ACLU-NM Seeks Records About FBI Collection Of Racial And Ethnic Data

The American Civil Liberties Union of New Mexico (ACLU-NM) released a statement today reporting that they have asked the FBI to turn over records related to the agency’s collection and use of race and ethnicity data in local communities. According to a 2008 FBI operations guide, FBI agents have the authority to collect information about and map so-called “ethnic-oriented” businesses, behaviors, lifestyle characteristics and cultural traditions in communities with concentrated ethnic populations.
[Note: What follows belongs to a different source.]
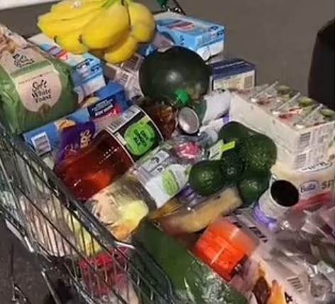 男子一边展示他的购物车一边说道:“这还是较小的那种购物车,我买了一些培根,还有一罐婴儿配方奶粉——那就要30澳元,还有几包香肠。这些东西花了我近400澳币。”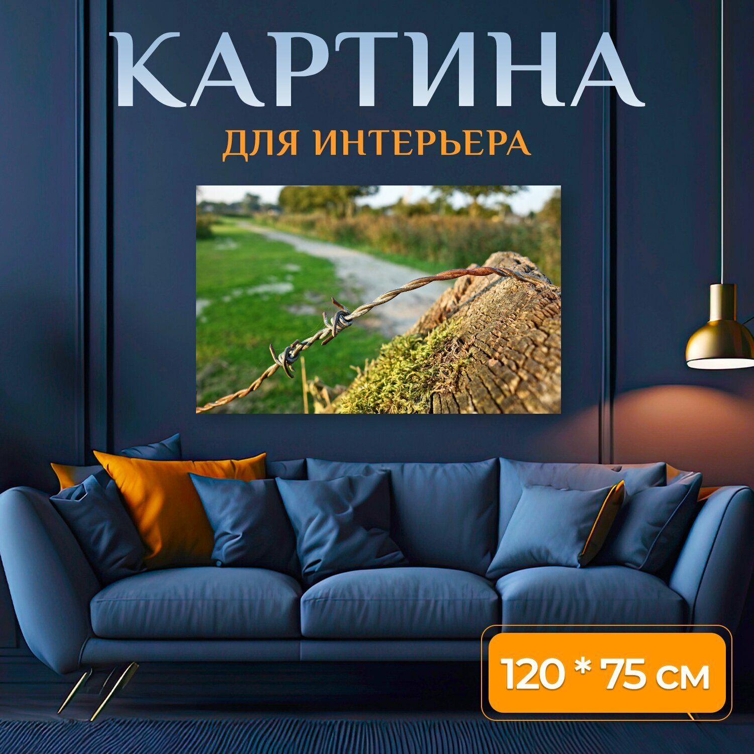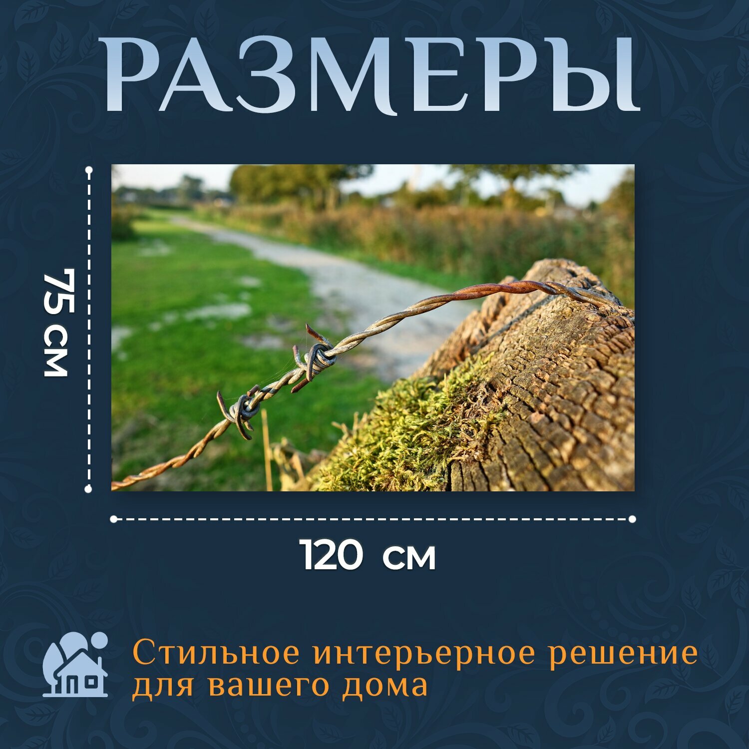 Купить Картина на холсте "Колючая проволока, провод, стали" на подрамнике 120х75 см. для интерьера

While some racial and ethnic data collection by some agencies might be helpful in lessening discrimination, the FBI’s attempt to collect and map demographic data using race-based criteria for targeting purposes invites unconstitutional racial profiling by law enforcement, says the ACLU.

“The FBI is collecting data not based on any evidence of criminal activity, but solely on individuals’ perceived race, ethnicity, nationality or religion,” said ACLU-NM Managing Attorney Laura Schauer Ives in a statement released by the group. “This creates the potential for racial profiling on a truly massive scale.”
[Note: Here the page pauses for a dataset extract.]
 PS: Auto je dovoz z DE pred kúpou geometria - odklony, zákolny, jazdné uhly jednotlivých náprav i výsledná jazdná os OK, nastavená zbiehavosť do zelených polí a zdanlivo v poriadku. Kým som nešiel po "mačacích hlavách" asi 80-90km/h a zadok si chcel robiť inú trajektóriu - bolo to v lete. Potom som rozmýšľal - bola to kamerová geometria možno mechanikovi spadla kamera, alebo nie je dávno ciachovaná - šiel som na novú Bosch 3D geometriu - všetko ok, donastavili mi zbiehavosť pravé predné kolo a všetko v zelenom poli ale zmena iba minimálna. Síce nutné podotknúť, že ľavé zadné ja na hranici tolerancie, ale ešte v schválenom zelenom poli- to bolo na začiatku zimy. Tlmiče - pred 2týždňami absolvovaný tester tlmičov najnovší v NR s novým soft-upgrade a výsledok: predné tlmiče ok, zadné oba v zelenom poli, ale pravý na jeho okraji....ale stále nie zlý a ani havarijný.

According to the ACLU-NM, the FBI’s power to collect, use, and map racial and ethnic data in order to assist the FBI’s “domain awareness” and “intelligence analysis” activities is described in the 2008 FBI Domestic Intelligence and Operations Guide (DIOG). The FBI released the DIOG in heavily redacted form in September 2009, but a less-censored version was not made public until January of this year, in response to a lawsuit filed by Muslim Advocates. Although the DIOG has been in effect for more than a year and a half, very little information is available to the public about how the FBI has implemented this authority, ACLU-NM reports.

“The public deserves to know about a race-based domestic intelligence program with such troubling implications for civil rights and civil liberties,” said Melissa Goodman, staff attorney with the ACLU National Security Project, in a written statement. “We hope that the coordinated efforts of ACLU affiliates across the nation will finally bring this important information to light so that the American people can know the extent of the FBI’s racial data gathering and mapping practices and whether the agency is abusing its authority.”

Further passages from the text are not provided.